Alternative titles; symbols
HGNC Approved Gene Symbol: CAPRIN1
Cytogenetic location: 11p13 Genomic coordinates (GRCh38): 11:34,051,731-34,102,610 (from NCBI)
Location | Phenotype |
Phenotype MIM number |
Inheritance |
Phenotype mapping key |
---|---|---|---|---|
11p13 | Neurodegeneration, childhood-onset, with cerebellar ataxia and cognitive decline | 620636 | Autosomal dominant | 3 |
Neurodevelopmental disorder with language impairment, autism, and attention deficit-hyperactivity disorder | 620782 | Autosomal dominant | 3 |
The CAPRIN1 gene encodes a ubiquitously expressed RNA-binding protein (RBP) that regulates the transport and translation of mRNAs of synaptic proteins in the brain. It is also a component of stress granules, which are cytoplasmic assemblies of RBPs and stalled mRNAs that form under stress conditions (summary by Delle Vedove et al., 2022).
The apical and basolateral borders of epithelial cells are distinguished by their different protein and lipid components. The sorting of newly synthesized membrane constituents to the appropriate region of the cell is accomplished either in the trans-Golgi network or by transcytosis, the selected transport of proteins to the appropriate surface. Transcytosis also is involved in the internalization of proteins and ligands at one surface and their transport to another. Ellis and Luzio (1995) identified a protein which undergoes this process by raising antibodies against apical and basolateral membrane fractions prepared from the human intestinal cell line Caco-2 and treated with phosphatidylinositol-specific phospholipase C, an enzyme that cleaves glycosylphosphatidylinositol (GPI) linkages. The antibodies were then used to isolate cDNAs from a human colon carcinoma expression vector library. A composite cDNA sequence was determined that predicts a protein of 649 amino acids that migrates as a 137-kD homodimer; Ellis and Luzio (1995) designated the protein p137(GPI). The protein contains 3 distinct domains. The amino-terminal 275 residues contain several potential alpha helices, the middle region contains proline and glutamine-rich repeats, and residues 469 to 601 contain a potential GPI anchor site. Northern blot analysis showed 3.4- and 2.7-kb transcripts in all tissues examined; 5.3- and 2.0-kb mRNAs were also observed in testis. Ellis and Luzio (1995) showed that the protein was present at nearly equal amounts in both the apical and basolateral membranes of Caco-2 cells and that the protein appeared first at the basolateral side.

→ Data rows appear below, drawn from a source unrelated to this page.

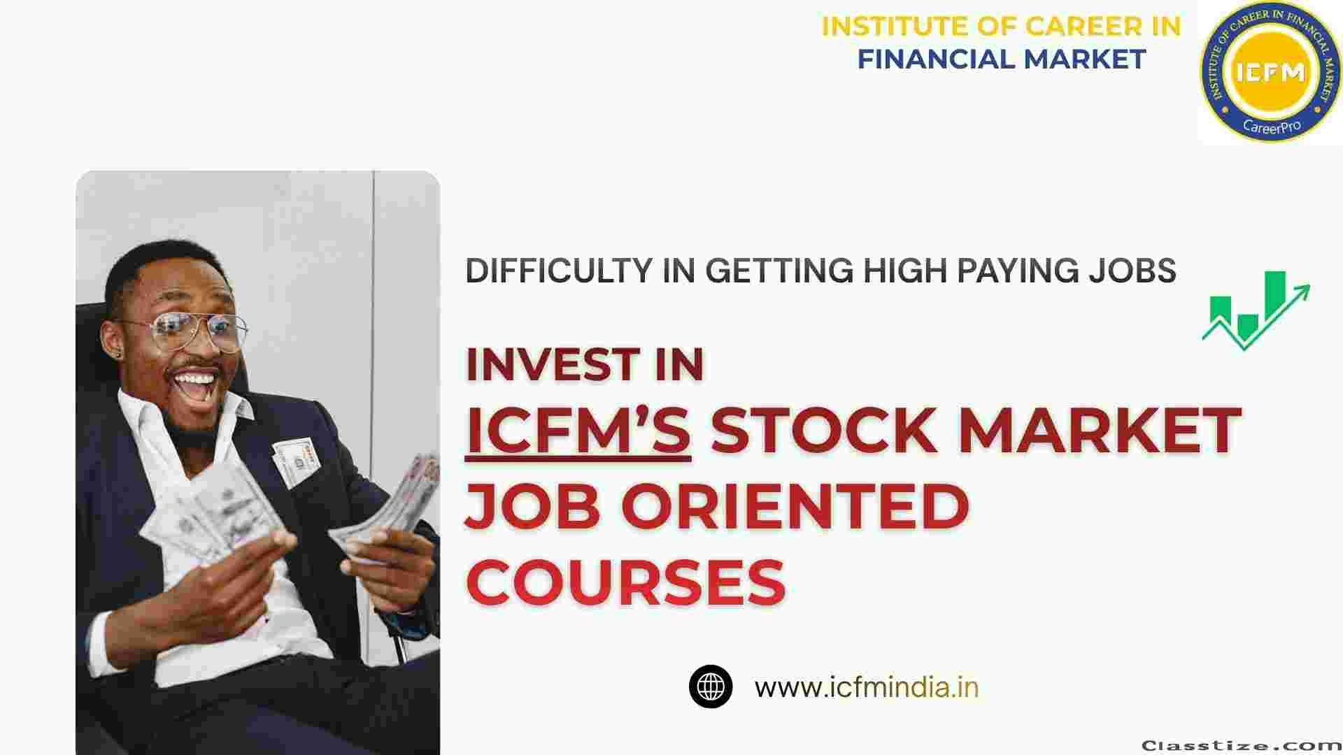 ICFM’s stock market job oriented courses cater to fresh graduates seeking finance careers and working professionals aiming for skill upgradation or career change. The program includes market basics, technical and fundamental analysis, derivatives, risk management, and trading psychology. Live trading labs and simulated scenarios provide experiential learning. The courses help develop professional skills needed for equities, derivatives, and research roles with certification and active placement services ensuring job readiness and career growth in the competitive Indian financial industry.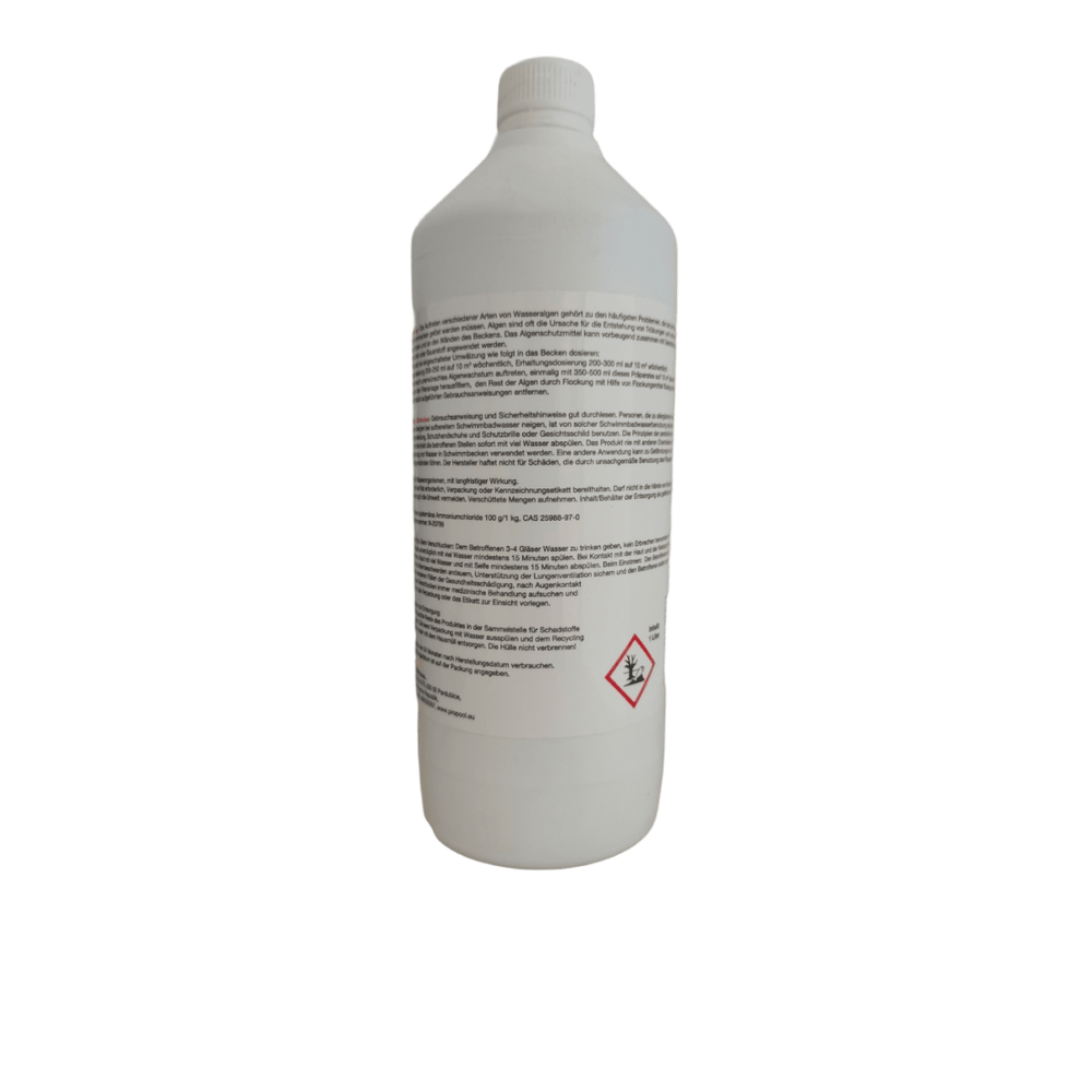 Naš 1-litrski izdelek za zatiranje alg je zasnovan za trajno vzdrževanje kakovosti vode v vašem bazenu. Učinkovito se bori proti različnim vrstam alg in preprečuje nenadzorovano množenje grdih in nadležnih alg. Ob ohranjanju nemotene plavalne izkušnje vaš bazen ostane prijeten.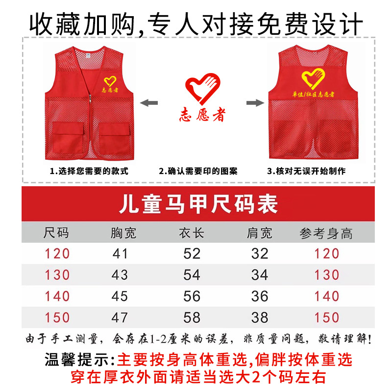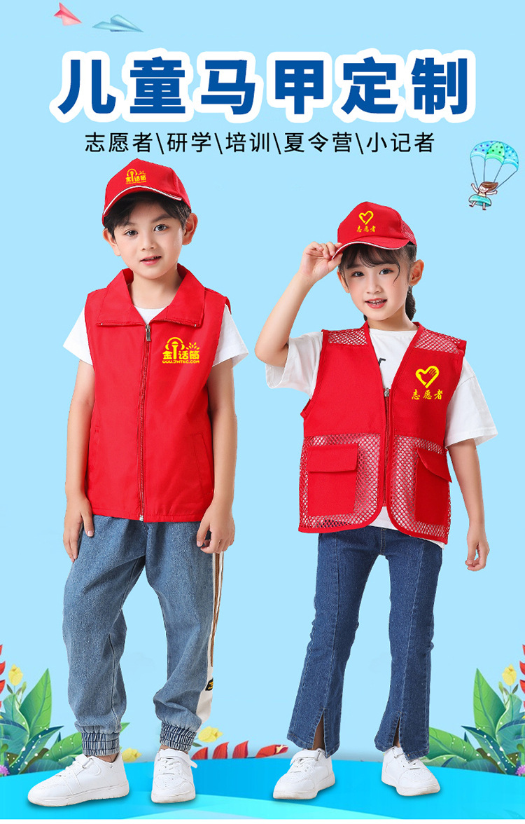 유치원 어린이 조끼 클립 맞춤 인쇄 초등학교 학생 자원 봉사 활동 홍보 자원 봉사자 빨간 조끼 로고스토어 가기
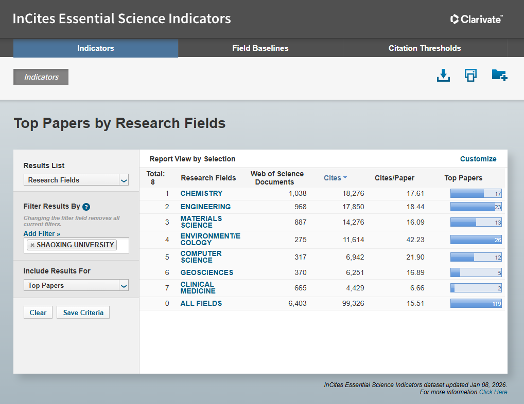 科睿唯安(Clarivate Analytics)近日发布了2026年1月ESI(基本科学指标数据库)最新数据。数据显示,我校地球科学(Geosciences)与临床医学(Clinical Medicine) 两个学科首次进入ESI全球前1%学科行列。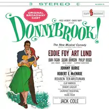 Donnybrook! opened on Broadway at the 46th Street Theatre on May 18, 1961 and closed on July 15, 1961 after 68 performances and 2 previews. The director and choreographer was Jack Cole, with sets and costumes by Rouben Ter-Arutunian. The cast featured Art Lund (as John Enright), Joan Fagan (as Ellen Roe Danaher), Eddie Foy Jr., Susan Johnson (as Kathy Carey) and Philip Bosco (Will Danaher).[1] The original actress for the role of Ellen, Kipp Hamilton, quit prior to opening due to a "respiratory ailment." Fagan was the stand-by for the role.[2]

Gessler et al. (1996) reported that mouse cDNA clones corresponding to the amino-terminal end of the protein showed that the human and mouse genes share greater than 97% sequence identity.
Using immunoblot, flow cytometric, and immunofluorescence microscopy analyses, Grill et al. (2004) identified a 116-kD phosphorylated protein, caprin-1, that was expressed in the cytoplasm of activated mouse T and B cells and showed highest expression in mouse thymus and spleen. Database and sequence analyses indicated that caprin-1 is identical to p137GPI, but Grill et al. (2004) noted that the original p137GPI sequence contains significant errors. Most notably, the authentic protein does not have a GPI anchor site or a signal peptide. The 709-amino acid human caprin-1 protein shares 96% and 68% identity with the mouse and frog proteins, respectively. It contains 2 highly conserved regions, termed homology region-1 (HR1) and HR2, that are also present in a paralog, caprin-2 (CAPRIN2; 610375).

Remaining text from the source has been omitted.